Friday, June 26, 2009

What A Letter Brings, Part One

I received a letter from my father yesterday. From several yards away I caught sight of the envelope tossed onto a heap of newspapers and mail and instantly went into alert. I don’t need to see the envelope from close up to know it’s from Hungary. It’s in the handwriting. It wasn’t my father’s handwriting. He doesn’t write his own envelopes anymore. It was that I recognized that type of handwriting that I associate with Hungary and with Europe in general. I see that handwriting on an envelope and I am pretty sure there is a message from my father. Letters like this only arrive a few times a year.

I open the letter immediately, standing in the kitchen while Fred opens the oven and stirs something in a frying pan.

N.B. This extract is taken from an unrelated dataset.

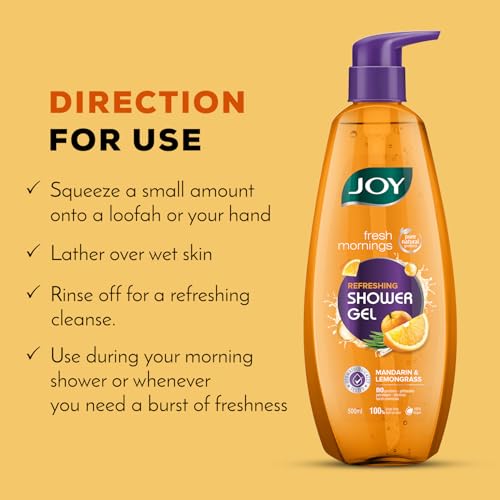 HomeBeautyBodyBath & ShowerShower Gels & Body WashJoy Mandarin & Lemongrass Shower Gel Body Wash (500 ml) | With Vitamin C for Acne Control & Lemongrass for Fighting Body Odour |100% Vegan Shower Gel For All Skin Types | Paraben Free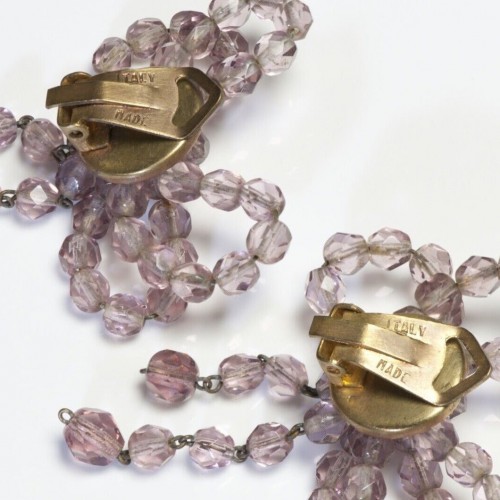 Vintage 1960’s Italian Purple Crystal Beads Tassel Bow Earrings

The letter is typed, another clue that my father is not well enough to write. I imagine someone else typing it, probably the woman who comes every week or so to do his secretarial things. She speaks English. She has been working for my father for twenty-five years and – with her husband -- has become a close friend of his. A surrogate daughter perhaps.

He is writing because he received the copy of my book that I sent. I only sent it because my mother asked me to, even slipped me a $20-bill to make sure I did it. It’s true – I probably wouldn’t have sent it except that I knew I had her money. Plus, she had gone and told him about it. I wouldn’t have done that either, but there it was, she had told him just as if he didn’t appear in the book.

My father isn’t a huge figure in the book, but there’s a few paragraphs I’d just as soon he didn’t read, ones in which he stars. But my mother somehow didn’t get that and just thought well, if someone writes a book their parents will be proud and ought to know about it.

My father’s letter was short, less than a page, typed and double-spaced, with many grammatical mistakes he never would have made 25 years ago when he returned to Budapest after 30 years in the States.

He thanks me for the book. Says that he and his sister are reading it together – he must be translating out loud to her. He says they have read only 50 pages so far. They are reading slowly, he says. Proof, he says, that they are reading carefully. There is a tone of sincerity in his voice that I note, but still hold at arm’s length.

There, finally, is his signature, this definitely in his own hand. It is a spindly version of the proud hieroglyph that used to be his flourish.

For a moment I think to call. And immediately think no. I dislike our calls, our conversations, our contact so much. I can’t bear it, ever. Just because there will be a time when I will not be able to hear the voice that was the soundtrack of my childhood doesn’t make me want to listen to it now.

Or does it? I could call. Hear his voice. I don’t think there’s a lot of time left. It’s not that I want to hear or say anything in particular. Maybe just be there. Maybe.

1 comment:

bh said...

You're brave to share so openly in this form...
Lost both my parents within a short time recently. One I had a great relationship, the other not. Yet equally with both now gone, the last moments and exchange of words we had resonate deeply inside me. And I feel incredibly glad I had them. ...if that helps in any way.